I should keep a copy of this. I re write it every couple of months.
The answer is “It depends.” I shoot for a living so I need my photos. But I don’t value my photos any more that you do the photos of you kids, or your girl before she was your wife.
Lets talk in general. I hope you are saving your photos as shot somewhere and then making another file of copies that you have worked on (tuned) with whatever program you use.
You can ruin a photo over tuning it. If you have the original shot safely in another file, or drive, you can always go back to the well.
Keep in mind you will have completely update all of your data when formats change and evolve.
I still have some photos on floppy disks that even if I bought a floppy drive I would have to find a working windows 98 system to run the program to view them. I also have some photos in .ufo format that was a ulead program. So you have to keep updating all of you data. It will never end.
If you don’t have a ton of data saveing it on an external hard drive AND then copies to DVD's is a solution. I have external drives redundant in storage so that even if the house burns I still have (most) of my photos.
I am not talking about western digital or walmart drives those will fail not if but when.
While I was in photography school we had about 30% complete drive failures on that type of drive in three months.
I know an indi filmmaker that recommended CalDigit drives. They were going through terabytes of data every day with no problems. I have used mine for 5 years now as a daily working drive and have others for permanent redundant storage. (check amazon)
Lots of people are going to "cloud" storage while I see the attraction of being able to access the body of your work from about anywhere I am leery of having my work out of my control, hacks aside, I have seen photo storage site go out of business with little or no warning. Remember yahoo photos? My employer has some of its storage on flicker for public access to the photos. I have noticed in the last two years that there have been increasing issues with flicker that I think it has to do with it falling out of favor with the younger users, and that means less money in and less money for upgrades and newer servers. One day it won’t be profitable and it will go away.
OK, long answer there, so buy a good external drive. Buy as large and as new (fast) as you can and your computer will handle. Use it for your archives. Have a second day to day drive that you transfer data from it to the archive drive. Once the archive drives is full move it off site.
Start again.
When the formats and software change, convert them all again, or be sitting on photos in floppy disks.
SSD (solid state drives) seem to be the next wave, but are to expensive right now. Two years or so from now they will be the new normal.

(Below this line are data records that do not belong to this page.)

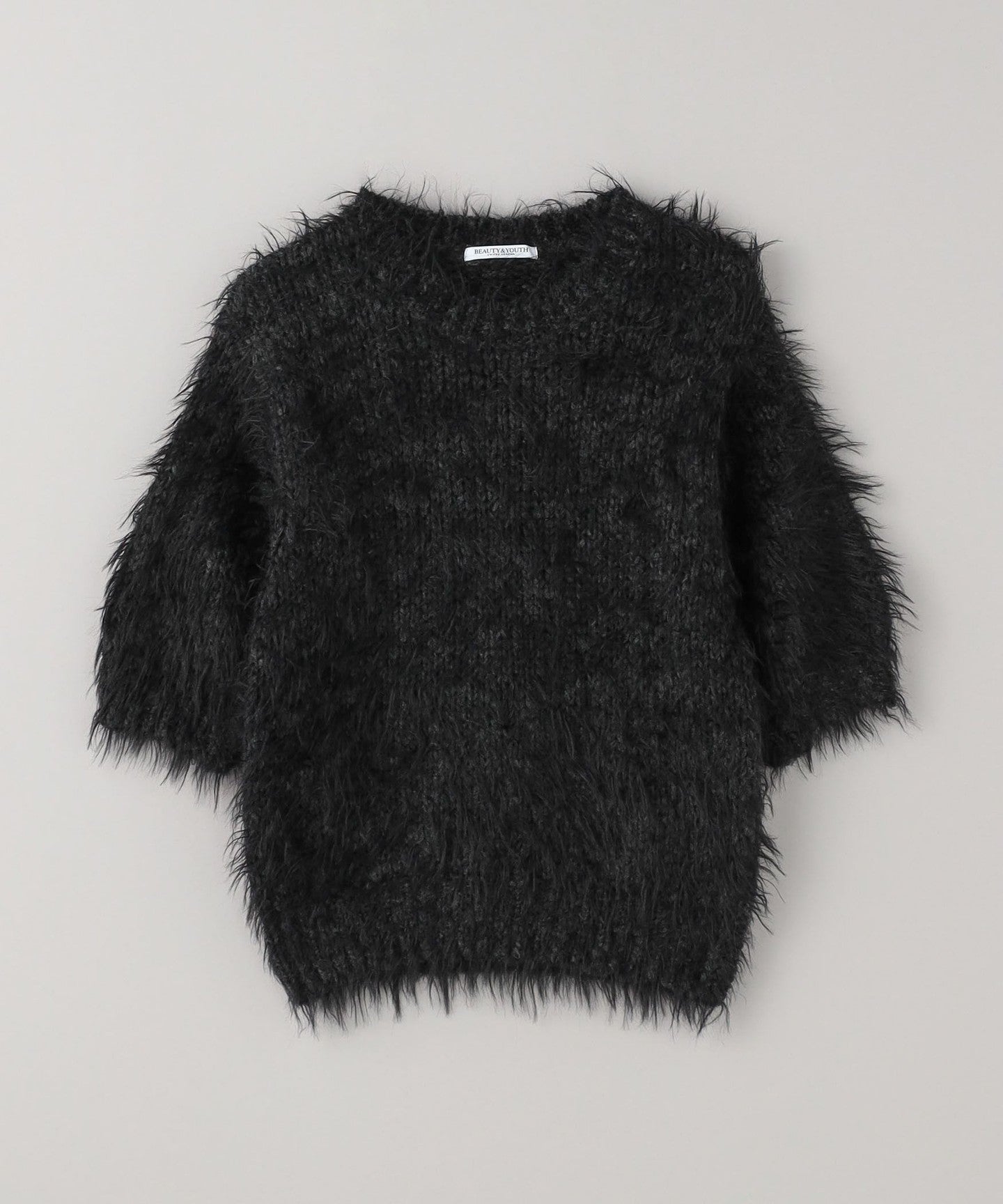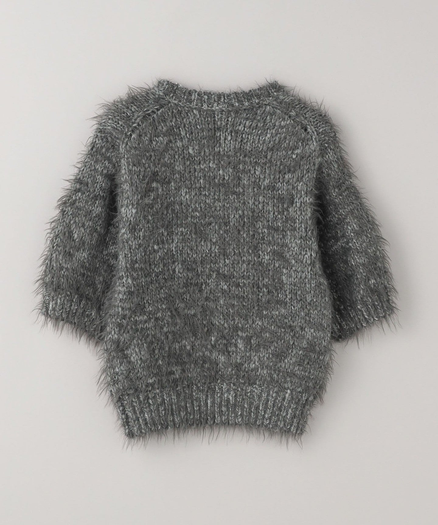 A short-sleeved knit made with long-haired feather yarn.
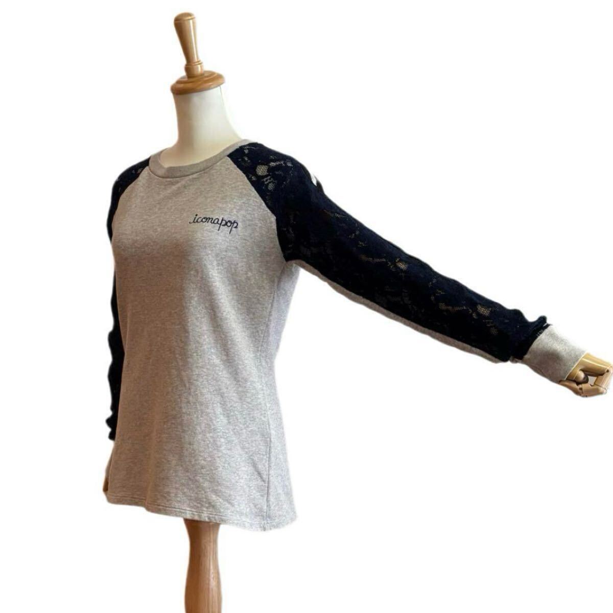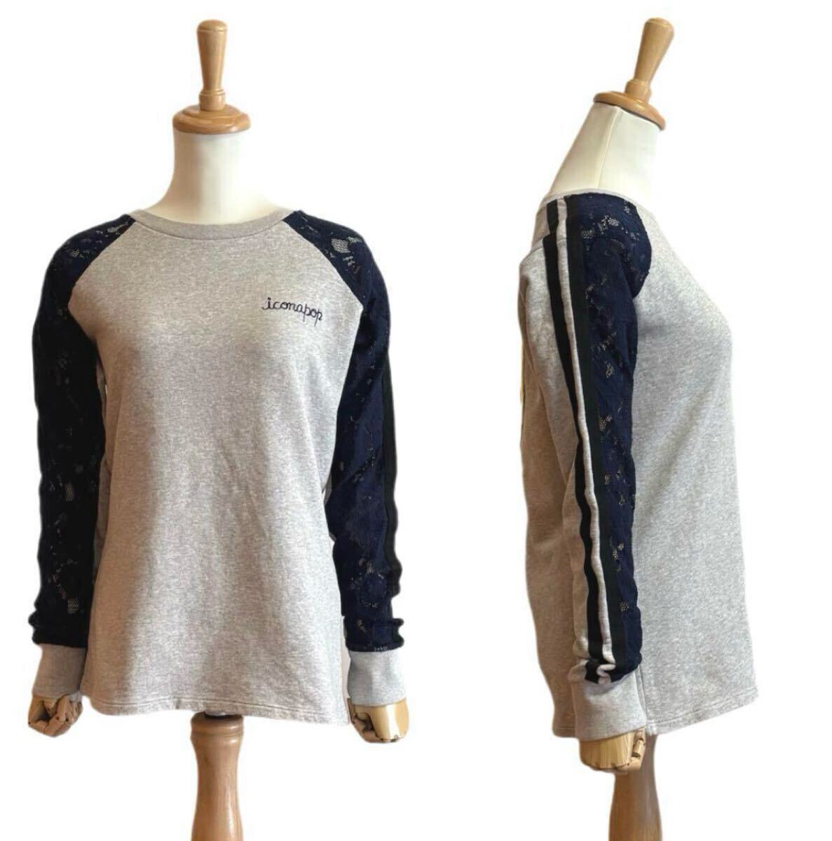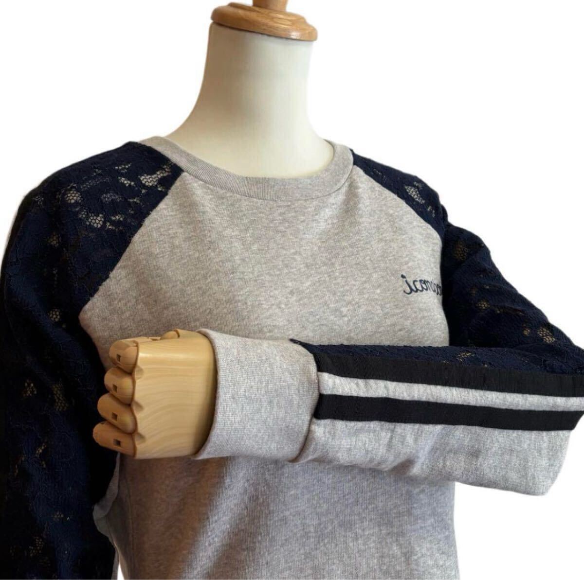 遊び心あふれるデザインが魅力のリメイク風プルオーバースウェットです。背中に大きなスマイルワッペン、袖部分に施されたレースがフェミニンな要素をプラスし、カジュアルながらもエレガントな印象です。
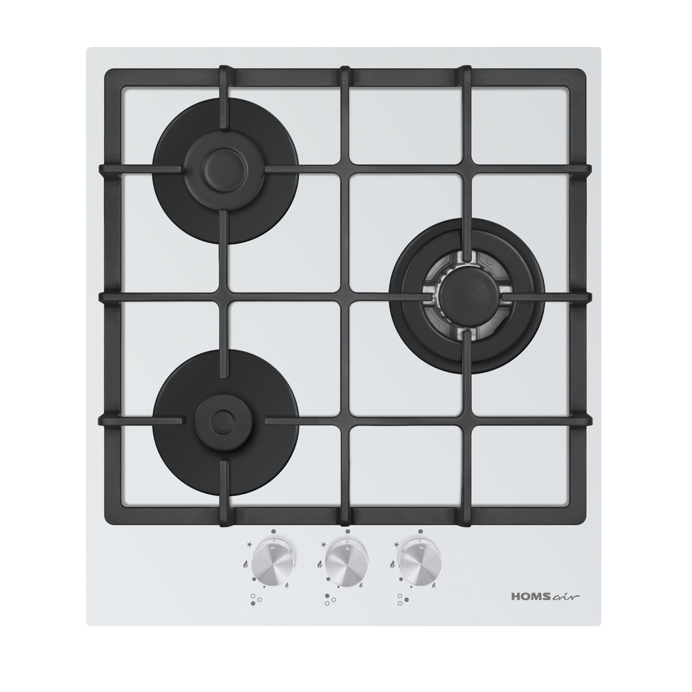 поверхность газовая, 45 см, газ на стекле, 3 конфорки, решетки чугунные, белый
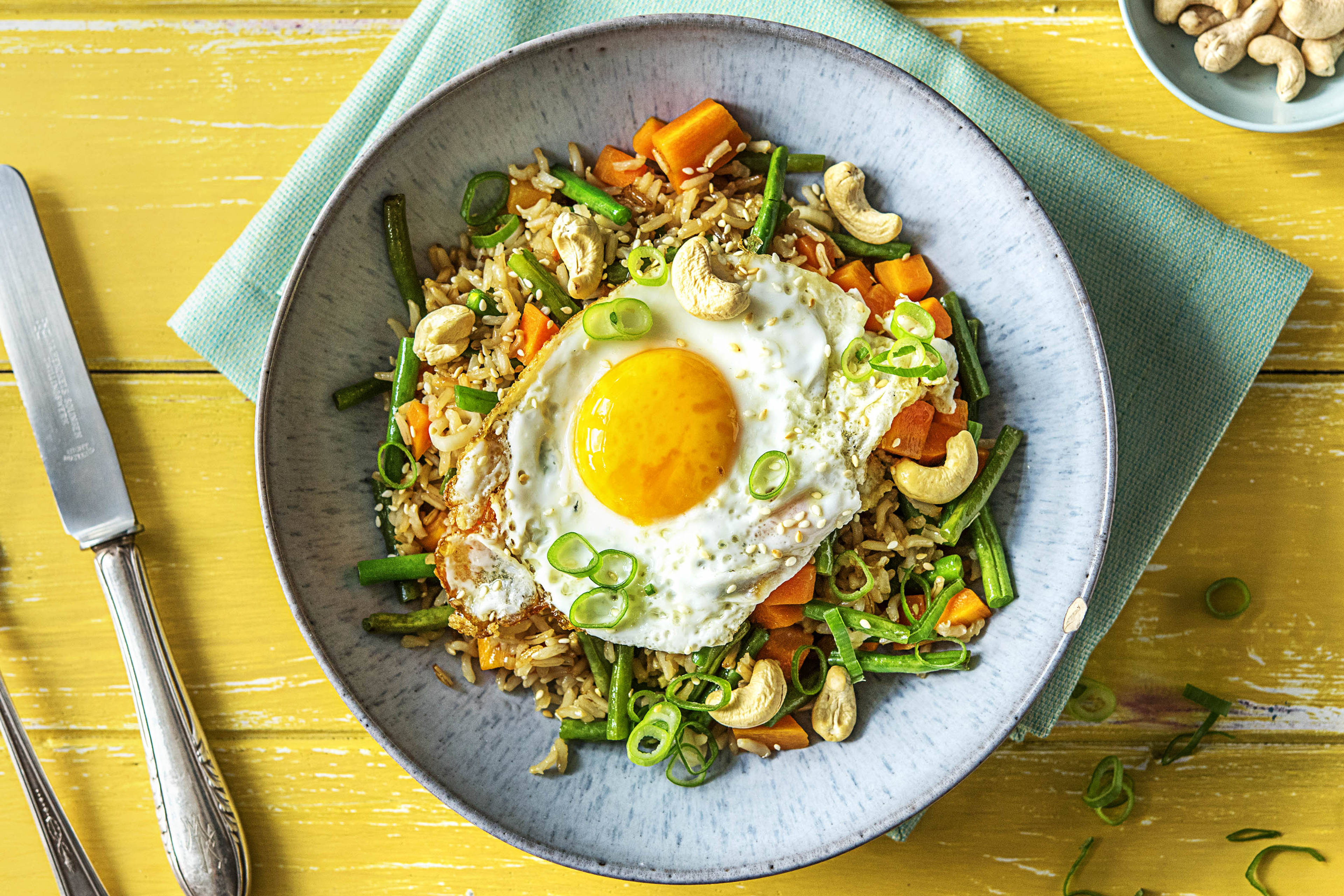 Riz aux légumes croustillants avec graines de sésame et cacahuètes
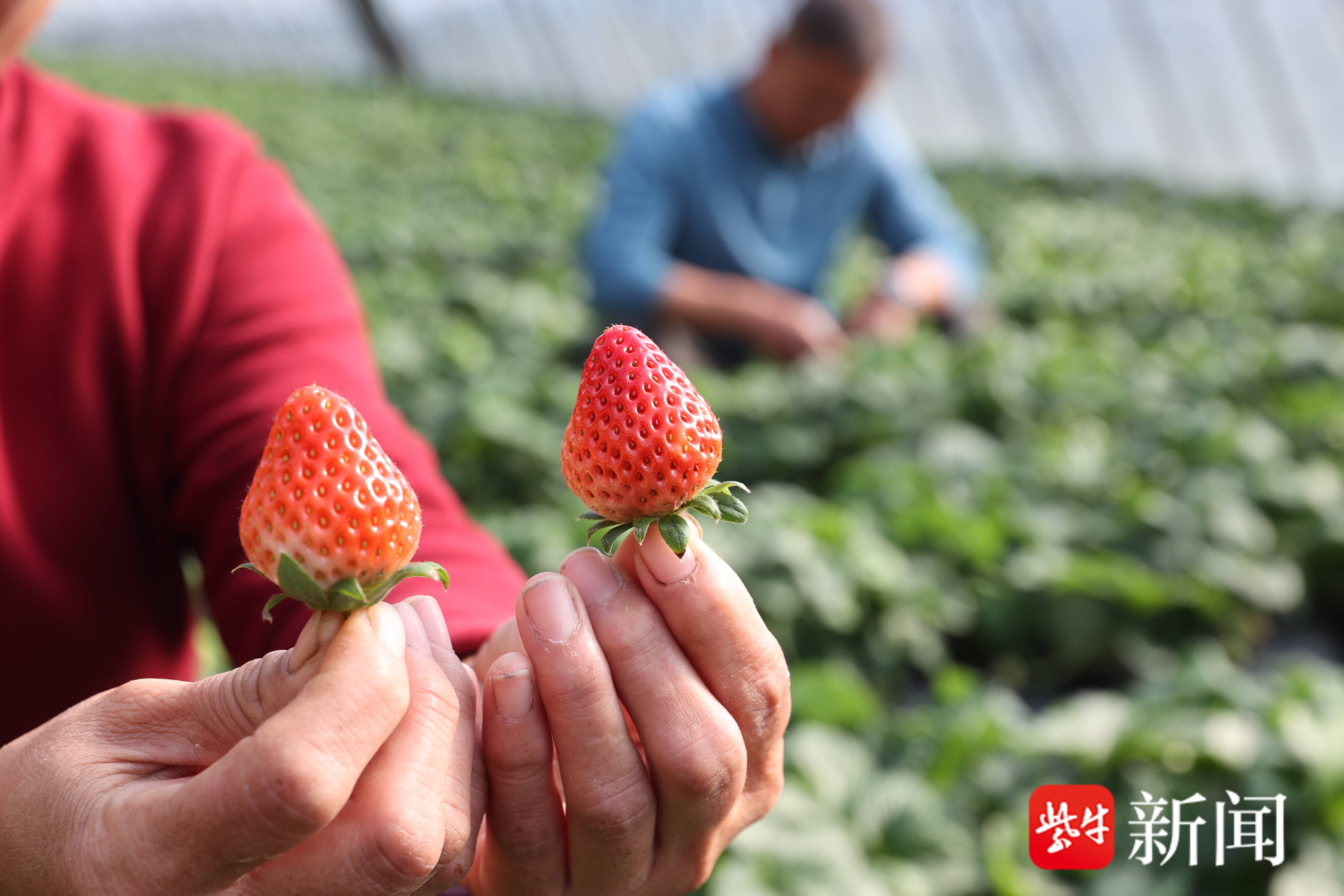 寒冬时节,连云港市赣榆区多处温室大棚内种植的草莓陆续成熟上市,香甜诱人的草莓为寒冷的冬天增添了一抹亮色。
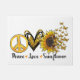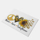 "Paz, amor, girasol" Doormat es una gran adición a cualquier decoración. Busque artículos de coordinación en nuestras colecciones de vida Inspiradoras.

This is one of those things where two is one and one is none.
I gave a talk on this and told them that if they wanted their grandchildren to see their wedding photos they needed to have them printed by a pro shop, or be ready to change electronic formats every time there was a new standard.
I just looked at the work drive I have here, a weekly paper, and since Oct 2013 I have 57,615 photos, Mostly RAW. These are all archived on another (caldigit) drive.
SSD will be my next go to. I saw Other World Computing had a SSD thumb drive that holds 480GB but it is $280. Too much for me to jump on now, but it shows where things are headed.
Someone said that this generation is the most photographed of all time, and when they are old they will have no photographs to show.